Introduzido como um riff cósmico em GladiadorNo filme Cômodo, Feyd comemora seu aniversário massacrando prisioneiros de guerra deficientes e drogados em uma arena monocromática. Ele também literalmente alimenta seus subordinados para seus amantes vampíricos. É um grande chapéu preto que o primeiro Elvis ator se veste como uma estrela do rock debochada que se tornou selvagem. Num filme repleto de atuações vistosas, esta é a vez da estrela.
Mas a verdadeira estrela, mais uma vez, não é uma peça isolada, mas sim o conjunto impressionante que Villeneuve tece. Na verdade, apesar das quase três horas de duração do filme, não há tempo suficiente para explorar completamente cada recanto curioso. Pessoalmente, poderíamos ter passado muito mais tempo com as maquinações cada vez mais ambíguas de Lady Jessica e seu relacionamento com uma filha ainda por nascer. Contudo, quando é a visão abrangente que obriga, isso se torna mais virtude do que pecado.
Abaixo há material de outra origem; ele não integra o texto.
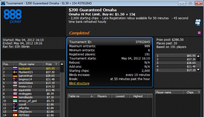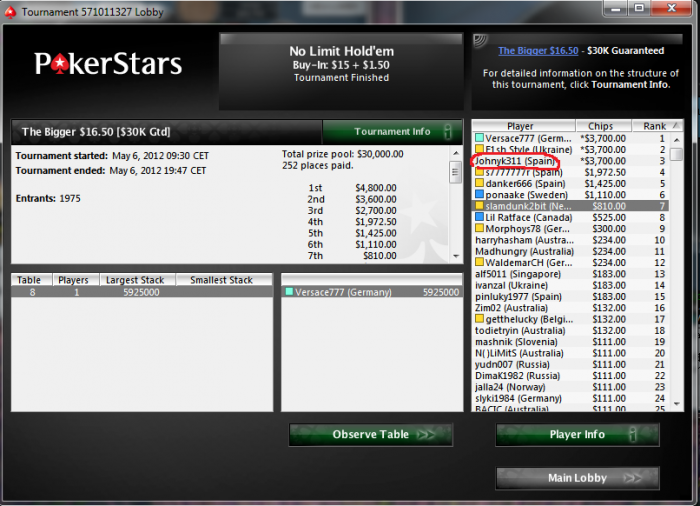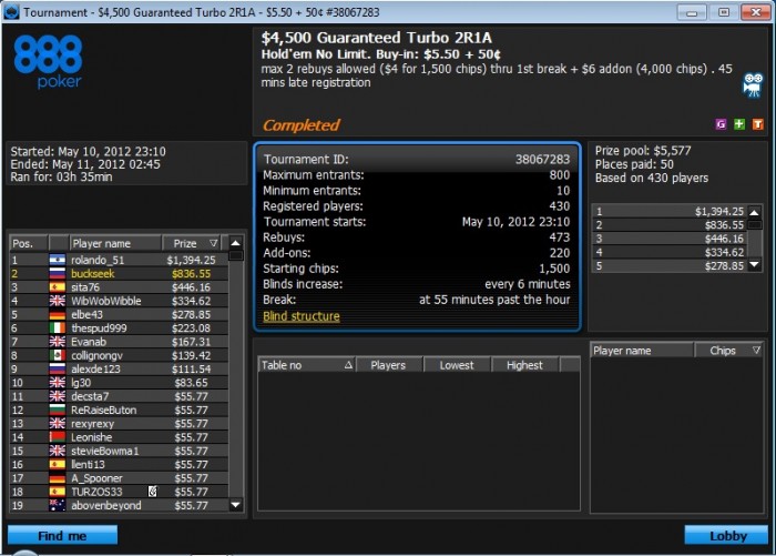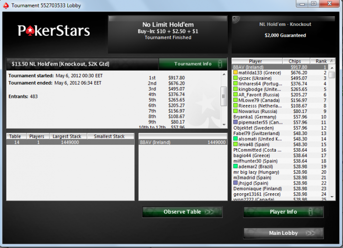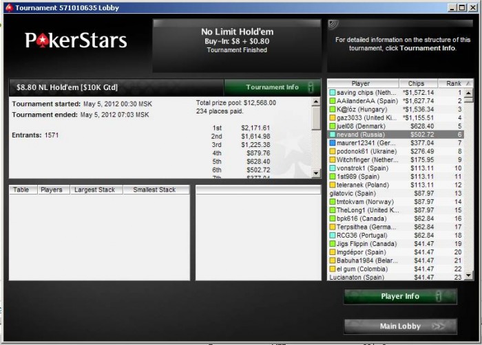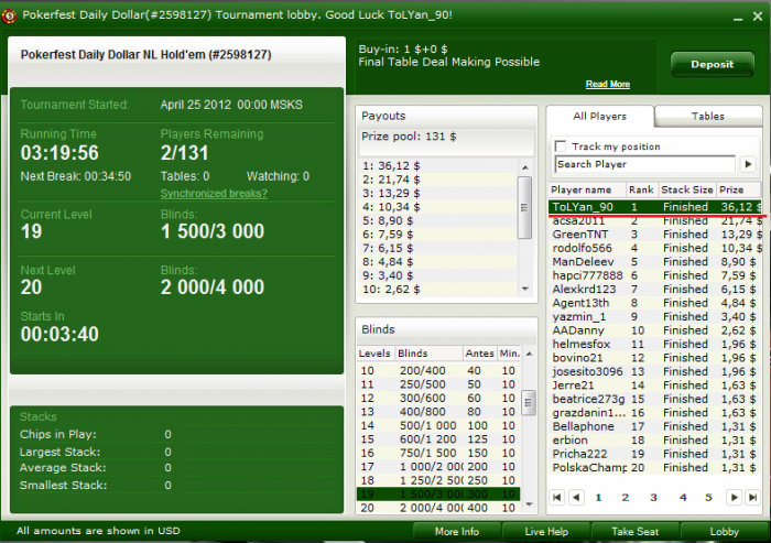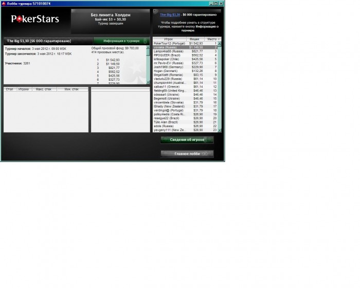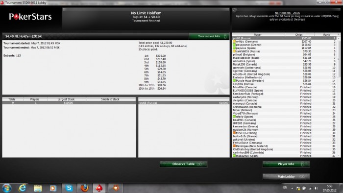 Наконец то хоть что то получилось на Покерфесте. Но опять ***** не первое. ХА за 1400$ с равными стеками и через некоторое время < префлоп на все фишки. Глупость какая то что на пати не предусмотрена делёжка в ребайниках
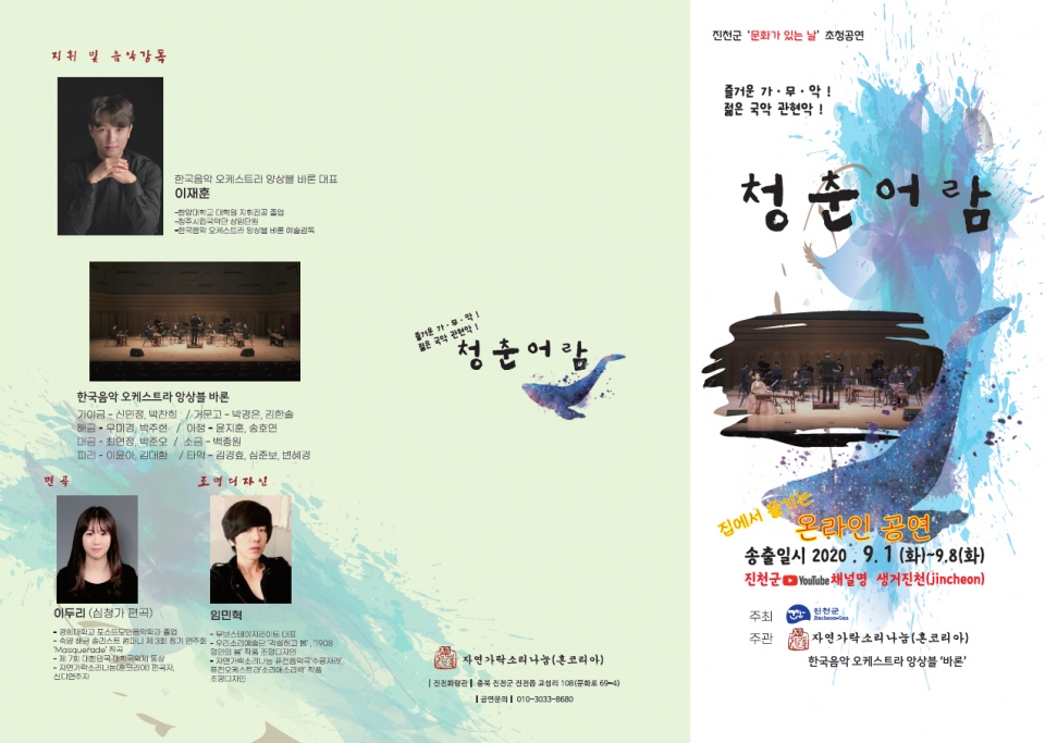 충북 진천군은 기획 국악 공연인 '청춘어람'을 다음달 1~8일 군 공식 유튜브채널을 통해 공개한다. 공연은 실내 위주 생활을 이어가고 있는 지역 주민들을 위해 온라인으로 제공한다.

Como o primeiro volume de Villeneuve Duna, Parte dois opta nitidamente por imaginar um futuro com uma profunda riqueza de história. Apesar de existir num amanhã onde as viagens interestelares são possíveis, esta narrativa cinematográfica abraça o facto de que o universo de Herbert é casado com os velhos tempos, seja através de feudos feudais ou como as pessoas ainda estão a lutar, a morrer, e a perfurar recursos especiais para fazerem a sua vida. veículos vão vroom. Há um peso e tato no filme que enfatiza a pedra e a madeira tanto quanto o metal elegante e as superfícies cromáticas brilhantes. A nave espacial do imperador parece um cruzamento entre uma Pokébola e algo que Natalie Portman teria usado nas prequelas de Star Wars. Mas em Arrakis, os costumes e os templos sagrados dos Fremen têm o cheiro da antiguidade. É um verdadeiro playground para o designer de produção Patrice Vermette e a figurinista Jacqueline West, esta última extrapolando a alta costura medieval de uma história de princesas e duques, e a loucura varrida pela areia em contos de religião e do deserto.
Villeneuve capta tudo isso na mais vasta escala, perdendo-se em mares arenosos, bem como nos detalhes mais distantes ou sinistros. Os espectadores nunca são informados do porquê exatamente o Barão tem um fluxo constante de cadáveres jovens em seus aposentos, ou o que exatamente significa quando uma mulher grávida bebe dos fluidos corporais de um grande verme da areia. A especificidade das coisas pode passar despercebida porque o ponto principal é o seu efeito cumulativo e avassalador. O filme é um sonho febril de outro mundo que parece tão real e evasivo quanto a areia escorrendo pela ponta dos dedos. Não é totalmente cognoscível, mas a impressão que você tem é que foi transportado para uma fantasia sombria e opressiva. É um lugar onde você nunca gostaria de estar, mas você não quer sair.
É fascinante que uma visão tão intransigente possa ser transformada num blockbuster moderno, e que algo tão arrepiante (mesmo com todo aquele sol) seja abraçado por um público global. Este é o tipo de cinema monumental que seduz o público desde os primórdios do cinema, mas Villeneuve temperou sua safra com uma loucura condizente com Paul, a voz do mundo exterior.
Duna: Parte Dois estreia em 1º de março.